PEOPLE across Limerick are being urged to practice good hand hygiene as part of a World Health Organisation (WHO) initiative aimed at preventing the spread of infection.
Today marks the WHO’s global Hand Hygiene Day, and with Covid-19 in full swing, never has it been more important to ensure this is adhered to.
Prof Martin Cormican, the HSE’s national lead for antibiotic resistance and infection control says: “Most years when Hand Hygiene day comes around we have to ask ourselves how do find a fresh way to talk to people about the importance of hand hygiene in preventing infection. This year, because of Covid-19, it is all very different. Preventing infection with COVID-19 is now on everyone’s mind.”
He said since the onset of coronavirus, many people are using disposable gloves in every day lives.
“So, one of our key messages this year for hand hygiene day is that hand hygiene is vital but we do not recommend using gloves while doing your shopping or when you are out and about. If there are bugs on your gloves those bugs often end up on your hands when you take the gloves off and they can very easily end up in your mouth, nose and eyes. It’s much better to clean your hands regularly and properly. Even in special settings like hospitals where gloves are valuable there is still a need to perform hand hygiene when the gloves come off. In hospitals gloves are single use for single patient care tasks,” he said.

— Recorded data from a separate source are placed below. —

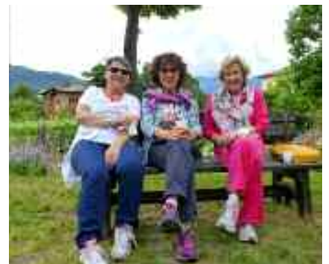
09.05.2015 > I circoli anziani concludono la loro passeggiata agli orti sociali sopra Mesiano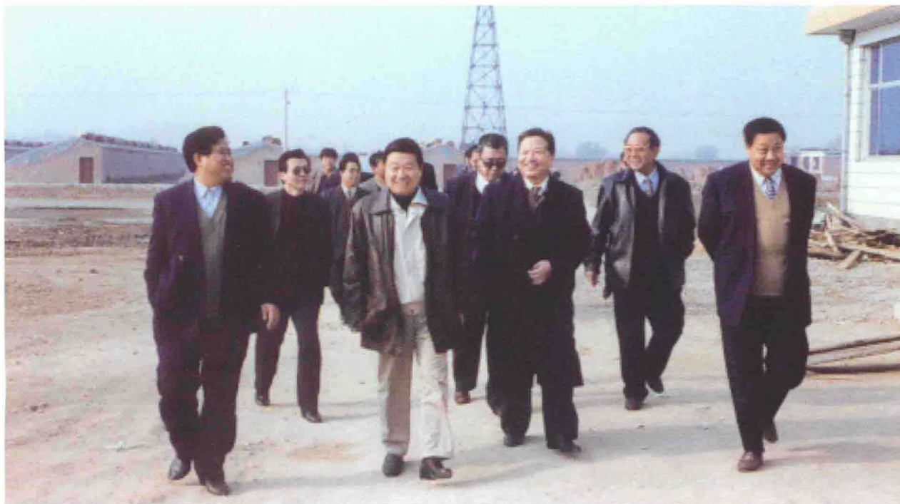
▲ 1997年11月19日，交通部副部长胡希捷（前排左二）视察106国道，省交通厅厅长路富裕（前排左一）、廊坊市交通局局长冯永平（前排左三）陪同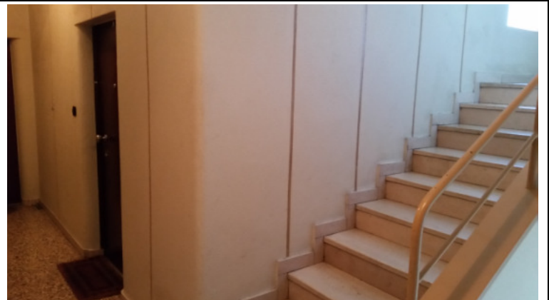
Immobilie di via Nuoro, 39 (MI) - scala interna e porta di accesso all'appartamento pignorato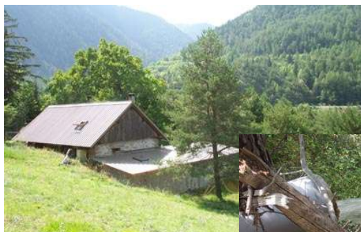
En haut : Maison en site isolé de la famille Blanche.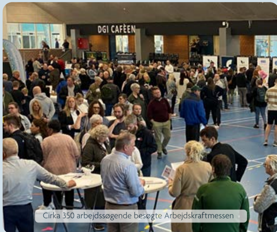
Cirka 350 arbejdssøgende besøgte Arbejdskraftmessen

Arbejdskraftmessen var den tredje af sin slags. Den første fandt sted i 2019 og efter to år med coronanedlukninger blev konceptet genoptaget sidste år.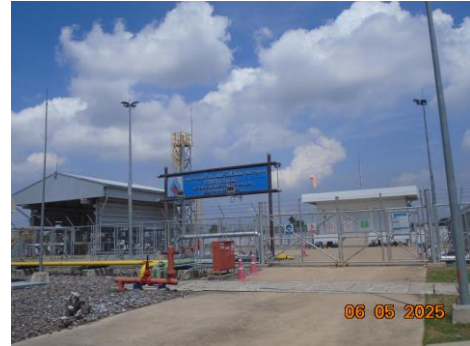
ภาพที่ 2-4 เจ้าหน้าที่รักษาความปลอดภัย บริเวณสถานีควบคุมความดันและวัดปริมาณก๊าซธรรมชาติ (MRS)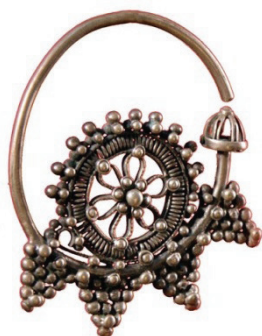
Рисунок 3 – Кольцевые серьги кашгар сырга (зере балдак). КП 5266-745 КНМИИ им. Г. Айтиева

Плоские серьги – жалтак сырга . Также как и объемные, их выковывали вместе с дужкой из цельного прута, но основу сплющивали, придавая ей геометрическую или фигурную форму. Иногда эту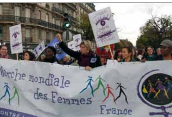
Manifestation 'Contre les violences faites aux femmes' - Paris 5 novembre 2011.

L'affaire DSK a exposé au grand jour la permanence du sexisme en France. Les propos misogynes et scandaleux exprimés sans complexe par des journalistes, des politiques voire par des pseudos intellectuels sont effarants de sottises et dramatiques. Pour n'en citer que quelques-uns : Jack Lang « il n'y a pas mort d'homme » autrement dit même si c'est un viol, ce n'est pas grave ; JF Kahn, ce n'est qu'un « trous-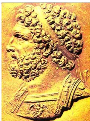
Slika 1: Filip II. Makedonski

Makedonski kralj Filip II., ki je s svojimi reformami in osvajanji kasneje omogočil uspehe svojemu sinu Aleksandru, je bil sin kralja Aminta III. Doživel je razpad makedonske države in je zato svoje otroštvo preživel kot talec v Tebah, kjer je spoznaval grško kulturo in organizacijo vojske, strategijo vojskovanja ter način vodenja države v grškem polisu. V tem času je spoznal Epaminodasa, po vzoru katerega je kasneje reorganiziral vojsko. Na oblast se je povzpел tako, da je zlomil moč drugih kraljevih družin v Makedoniji. Ko je leta 359 pr. Kr. prišel na prestol, mu je uspelo dobiti nadzor nad rudnim bogastvom celotne dežele, največ bogastva mu je prinesel sredi 4. stoletja pr. Kr. odkriti pangajski rudnik zlata in srebra. Gospodarske danosti Makedonije so mu s pomočjo znanja, ki ga je pridobil, omogočile, da je ustvaril takrat najboljšo vojsko v vsej Grčiji.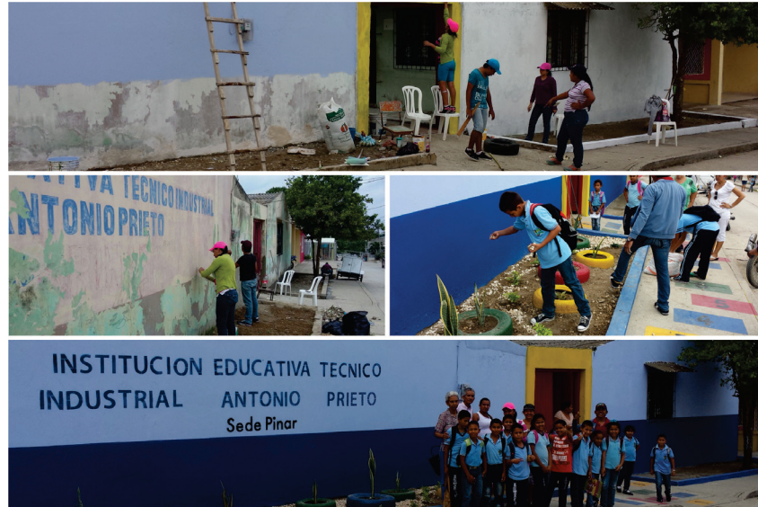
Imagen 1. Fachada principal de la Institución Educativa. Antes y después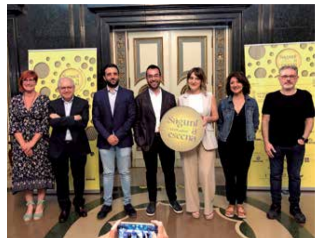
Presentación de Sagunt a Escena 2022. / EPDA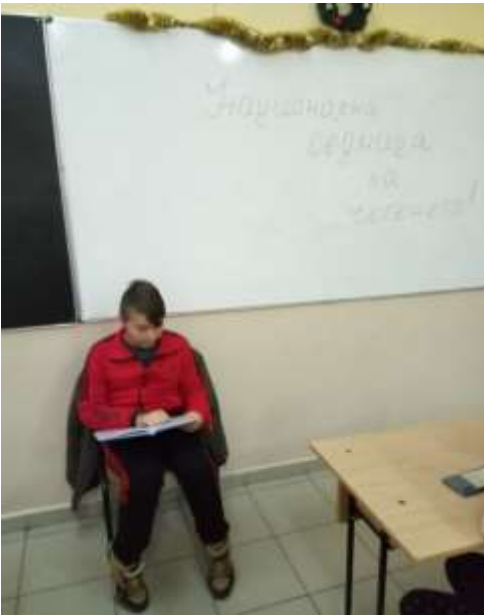
„Приказка за любовта”

Some 96% of people are now washing their hands more often to prevent a Covid-19 infection.
“The research also shows that 90% of people who are looking ahead say that they will continue to wash their hands frequently after the pandemic is over. We want people to keep on going with their hand hygiene, help your children to learn good hand hygiene and help us to stop the spread of Covid-19 and other infections,” Prof Cormican added.
He advised people to wash their hands properly and often, in particular after coughing and sneezing, before and after preparing food or touching an open sore or cut.
Also, remember to wash your hands after using the toilet, or changing a child’s nappy, or if you were in contact with someone who has a fever or respiratory symptoms.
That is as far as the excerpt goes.